# Context

As hype is mounting around deep learning, do we still need to care about plain nearest neighbors search?

There is a recurring pattern in the deep learning pipelines: learn a representation for objects, and perform “simple” operations on the representations (that is, in the *embedding space*). And, as a matter of fact, one of the most useful operations is nearest neighbor search. For instance, product recommendation works with the following pipeline:

- learn a vector representation for products in dimension \(d\): for a product \(p\), the representation is \(x = \Phi(p) \in \mathbb{R}^d\) ; here \(\Phi\) may be a deep neural network ;
- to compute a recommendation for a given user:
- project the user in the same space, for instance using a combination of the products they’ve seen, and get \(u \in \mathbb{R}^d\),
- find the \(k\) products closest to \(u\): \(R_k(u) = \mathcal{N}_k(u)\), where \(\mathcal{N}_k(x)\) are the \(k\)-nearest neighbors of \(x\)

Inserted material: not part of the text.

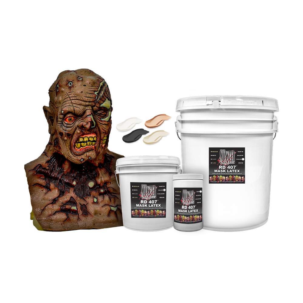 Formulated specifically for casting into gypsum molds, RD-407™ Mask Making Latex is a single component, air drying natural latex compound used widely by mask makers around the globe. Popular among many special effects artists, RD-407™ can be brushed or poured into gypsum molds. It features a quick skin build-up, excellent detail reproduction and a fast demold. RD-407(™) can be painted with adhesive based paints or Monster Makers Mask Paints. RD-407™ comes as a naturally viscous material that yields a stretchy but durable rubber upon curing. While other companies sell products that they call RD-407, this is the official trademarked RD-407™ formulation originally sold by R&D Latex Company in Commerce, California: a recipe that is now well over 50 years old! RD 407(™) Halloween White: Originally formulated to create the Mini Halloween "Shape Mask" for the 30th Anniversary edition of John Carpenter's Halloween DVD release, this version of RD 407™ mask latex is pre-colored Halloween white which saves time and cost in painting and pigmenting. RD 407(™) Bat Black: Is a pre-colored black latex which incorporates the very same black pigment that Monster Makers provided for the Feature Film, Batman Begins, starring Christian Bale. Bat Black is a highly pigmented rubber which saves time and cost for painting and pigmenting. RD 407(™) Flesh Tone: This is a pre-colored medium flesh tone that provides a caucasianish base color to save time and cost in painting and pigmenting.
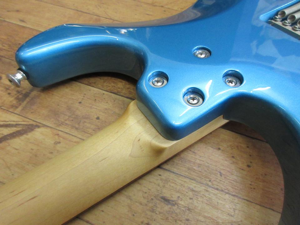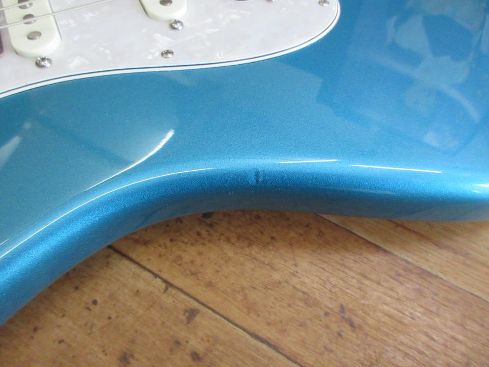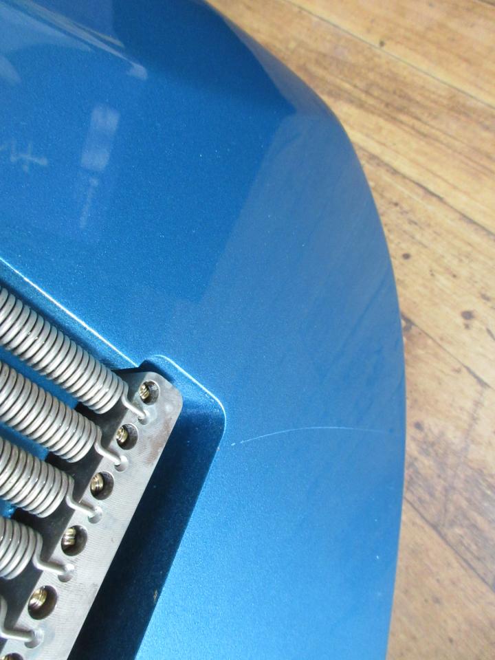 外観はBODYのくびれ(左側)のエッジ部に5×5mm位の打痕(画像)とBODYの裏に細くて浅い線傷と僅かなスレ(画像)がありますが、他にはほぼ傷や打痕等は見当たらず、とても綺麗だと思います。また、NECKのそり、ねじれ等は見られず、フレットの減りも極々わずかで、音のつまりやびびりもありません。サウンドに関してはピックアップの特徴なのか、クリア時にはとても透明感のあるさわやかなサウンドを出力し、歪時には非常に切れの良いドライブサウンドを出力します。

Nearest neighbors are not dead. Instead, they’re a fundamental building block of modern AI systems. And they’re a fascinating, multi-faceted area of research. Faster, better algorithms for approximate nearest neighbor are introduced regularly, involving a wide range of techniques from computer science and machine learning for compressing and indexing data. In this post, I’ll explain a well-known but relatively little-talked-about phenomenon: hubness.

# What is a hub?

As the name suggests, this is an “attractor” point. You can get an intuition of it from the graph in the figure below: each node (point) is linked to its 3 nearest neighbors by an edge going from query node to the nearest neighbor. A hub is a node which tends to have much more in-going edges than the other nodes. Formally, we define \(N_k\) the number of \(k\)-occurrences of a node \(x\), i.e. the number of points of which \(x\) is in the \(k\)-nearest neighbors list. As an example, the value of \(N_k\) is written in blue next to each node in the figure. The node marked in red has a relatively large number of incoming edges and can be considered as a hub.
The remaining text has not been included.